══ Data

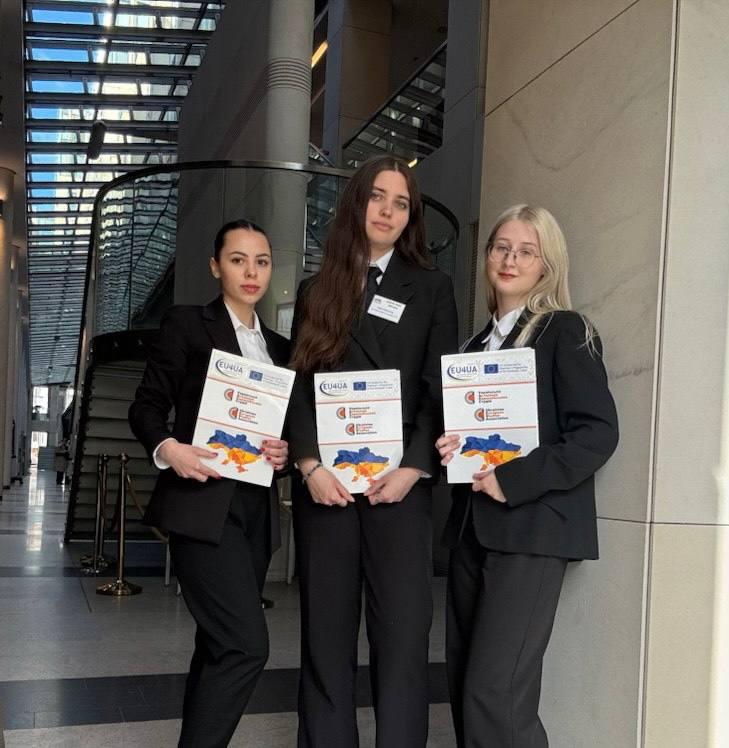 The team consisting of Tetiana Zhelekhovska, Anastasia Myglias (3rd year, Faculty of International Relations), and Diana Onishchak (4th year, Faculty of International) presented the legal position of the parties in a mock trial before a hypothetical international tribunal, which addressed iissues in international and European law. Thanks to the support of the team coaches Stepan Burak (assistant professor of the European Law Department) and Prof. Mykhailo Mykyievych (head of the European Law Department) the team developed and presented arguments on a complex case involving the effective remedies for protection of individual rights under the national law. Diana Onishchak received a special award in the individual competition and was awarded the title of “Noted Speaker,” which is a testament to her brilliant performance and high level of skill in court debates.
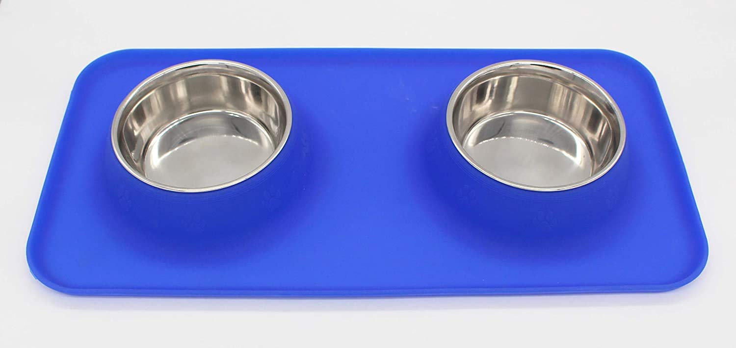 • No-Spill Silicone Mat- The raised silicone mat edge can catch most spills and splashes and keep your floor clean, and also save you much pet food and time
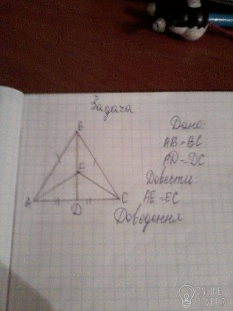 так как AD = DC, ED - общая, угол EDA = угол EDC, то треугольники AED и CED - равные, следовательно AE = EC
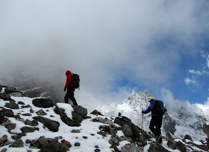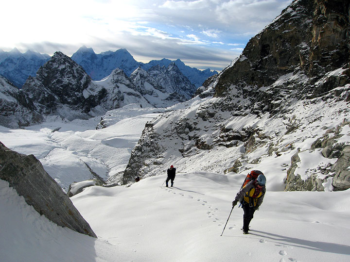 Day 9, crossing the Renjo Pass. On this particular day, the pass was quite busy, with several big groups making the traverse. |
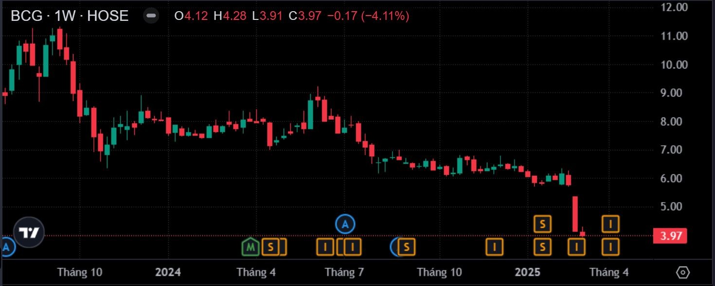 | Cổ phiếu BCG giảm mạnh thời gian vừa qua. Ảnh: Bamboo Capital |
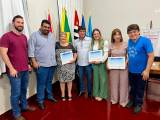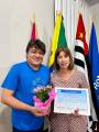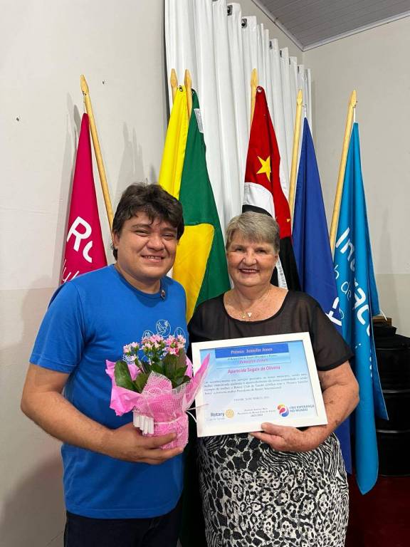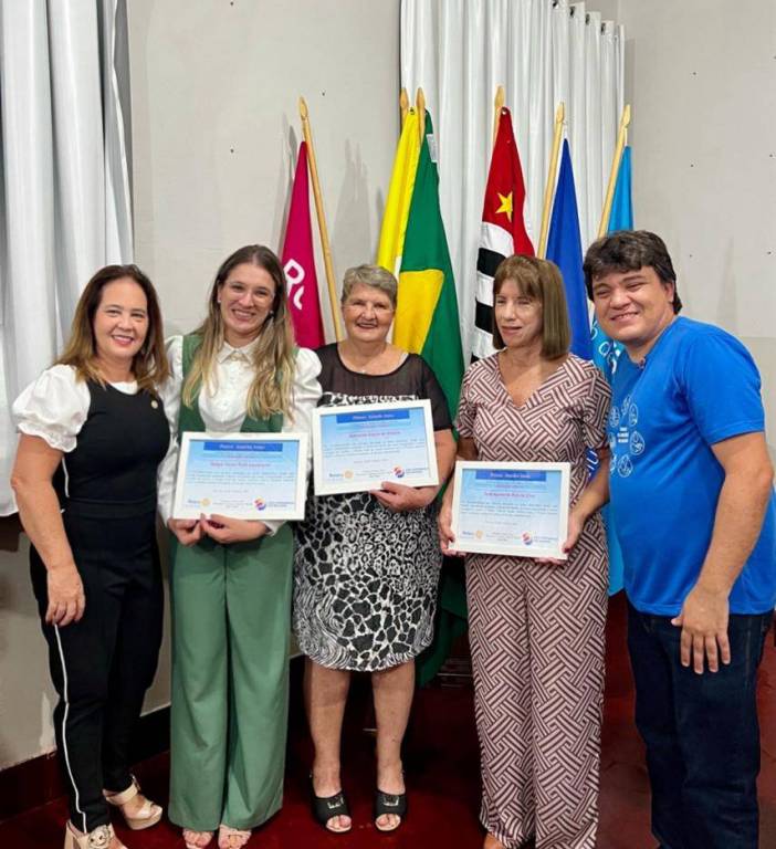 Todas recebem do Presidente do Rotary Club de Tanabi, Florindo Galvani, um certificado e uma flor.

════
══ Data

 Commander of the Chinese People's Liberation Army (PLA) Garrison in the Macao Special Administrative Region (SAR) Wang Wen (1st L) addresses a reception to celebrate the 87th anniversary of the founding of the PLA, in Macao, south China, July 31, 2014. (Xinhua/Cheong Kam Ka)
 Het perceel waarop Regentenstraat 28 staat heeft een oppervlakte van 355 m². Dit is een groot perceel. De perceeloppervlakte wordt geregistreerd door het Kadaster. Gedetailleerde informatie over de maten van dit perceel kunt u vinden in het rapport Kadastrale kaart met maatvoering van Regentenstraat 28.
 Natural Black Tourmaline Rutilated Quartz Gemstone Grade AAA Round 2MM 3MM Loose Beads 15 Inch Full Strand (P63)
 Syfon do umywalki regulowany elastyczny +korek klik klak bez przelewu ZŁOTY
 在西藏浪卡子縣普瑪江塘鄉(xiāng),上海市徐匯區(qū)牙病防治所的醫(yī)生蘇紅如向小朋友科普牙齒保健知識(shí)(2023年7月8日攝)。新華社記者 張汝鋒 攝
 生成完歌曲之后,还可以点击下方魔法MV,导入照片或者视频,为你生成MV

════
══ Data

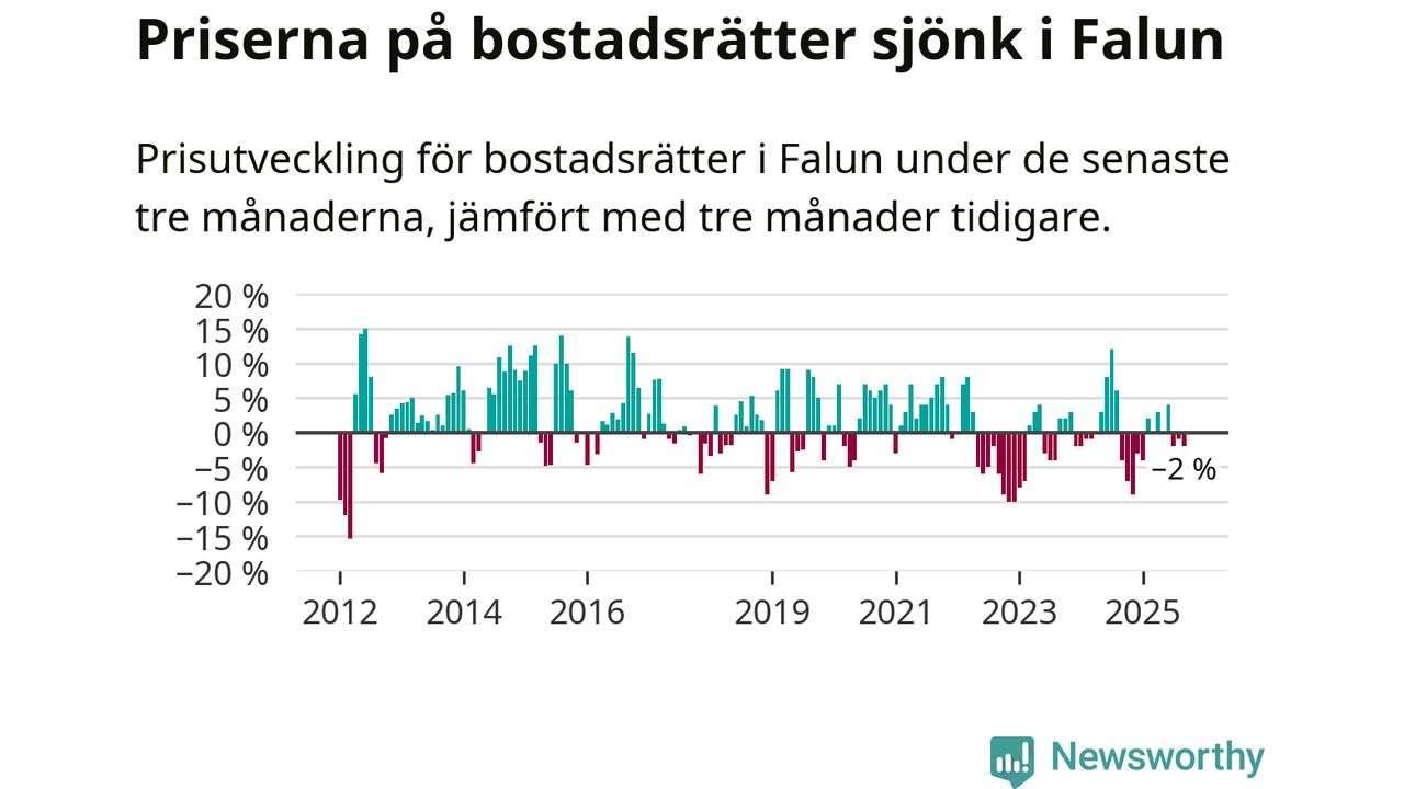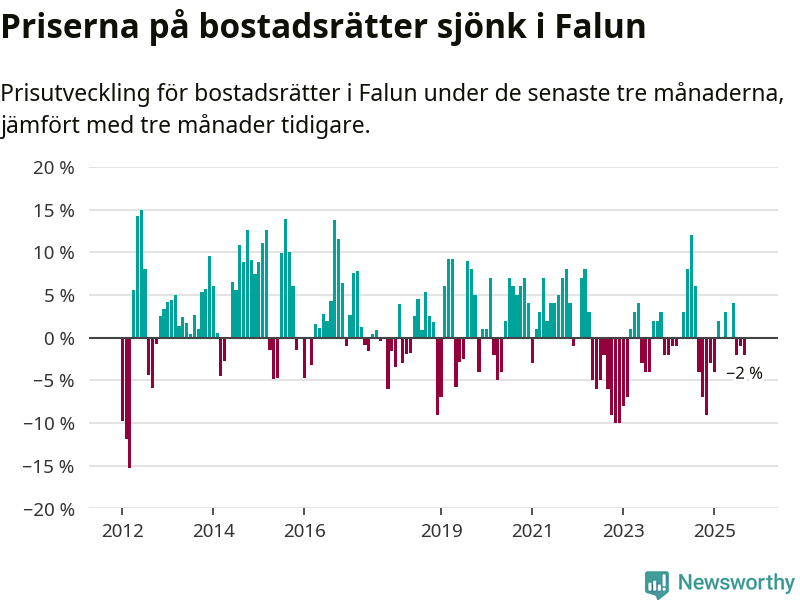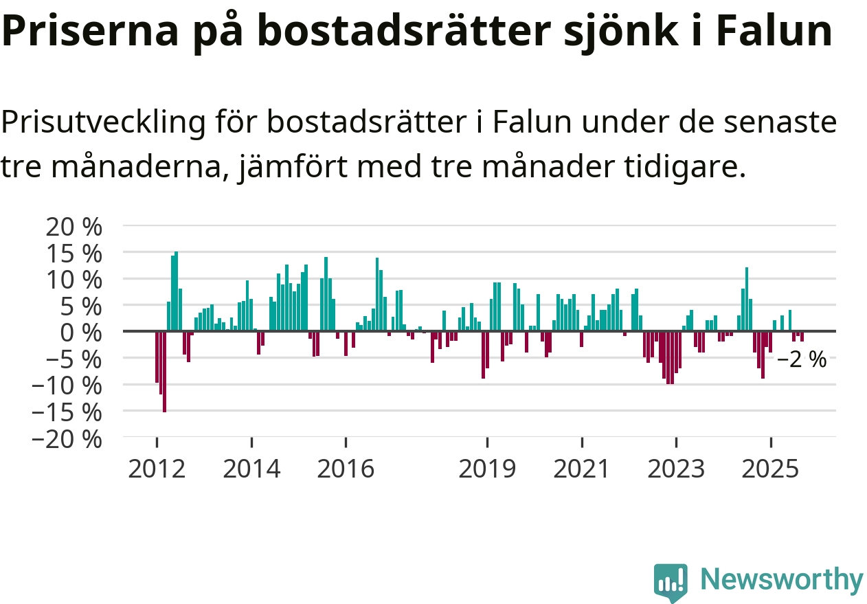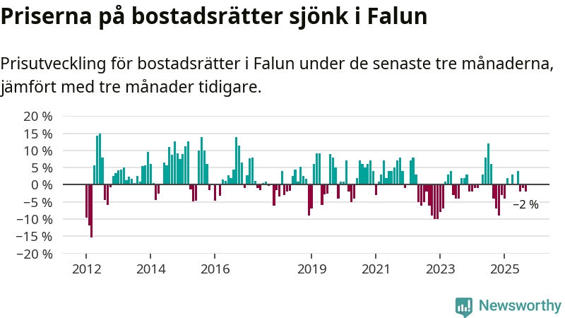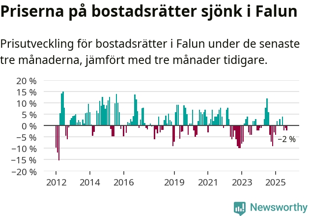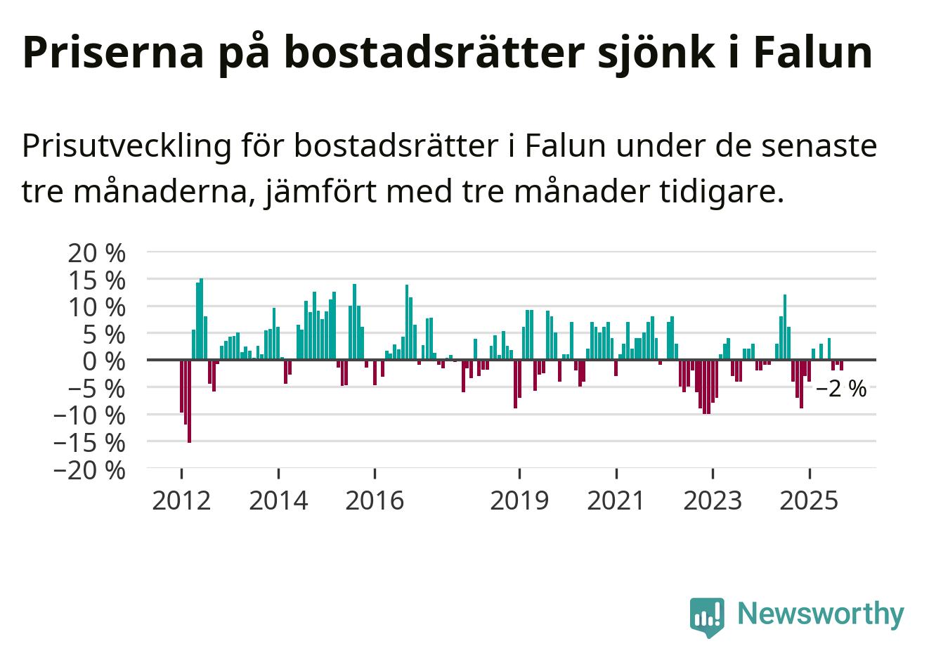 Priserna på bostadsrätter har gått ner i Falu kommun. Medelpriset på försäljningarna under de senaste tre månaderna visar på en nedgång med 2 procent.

════

Your goal: Find the line with "The team consisting" in the data above, and from there retype each line exactly through the line with "Bamboo Capital |", skipping the pictures along the way.

Exercise result:
 The team consisting of Tetiana Zhelekhovska, Anastasia Myglias (3rd year, Faculty of International Relations), and Diana Onishchak (4th year, Faculty of International) presented the legal position of the parties in a mock trial before a hypothetical international tribunal, which addressed iissues in international and European law. Thanks to the support of the team coaches Stepan Burak (assistant professor of the European Law Department) and Prof. Mykhailo Mykyievych (head of the European Law Department) the team developed and presented arguments on a complex case involving the effective remedies for protection of individual rights under the national law. Diana Onishchak received a special award in the individual competition and was awarded the title of “Noted Speaker,” which is a testament to her brilliant performance and high level of skill in court debates.
 • No-Spill Silicone Mat- The raised silicone mat edge can catch most spills and splashes and keep your floor clean, and also save you much pet food and time
 так как AD = DC, ED - общая, угол EDA = угол EDC, то треугольники AED и CED - равные, следовательно AE = EC
 Day 9, crossing the Renjo Pass. On this particular day, the pass was quite busy, with several big groups making the traverse. |
 | Cổ phiếu BCG giảm mạnh thời gian vừa qua. Ảnh: Bamboo Capital |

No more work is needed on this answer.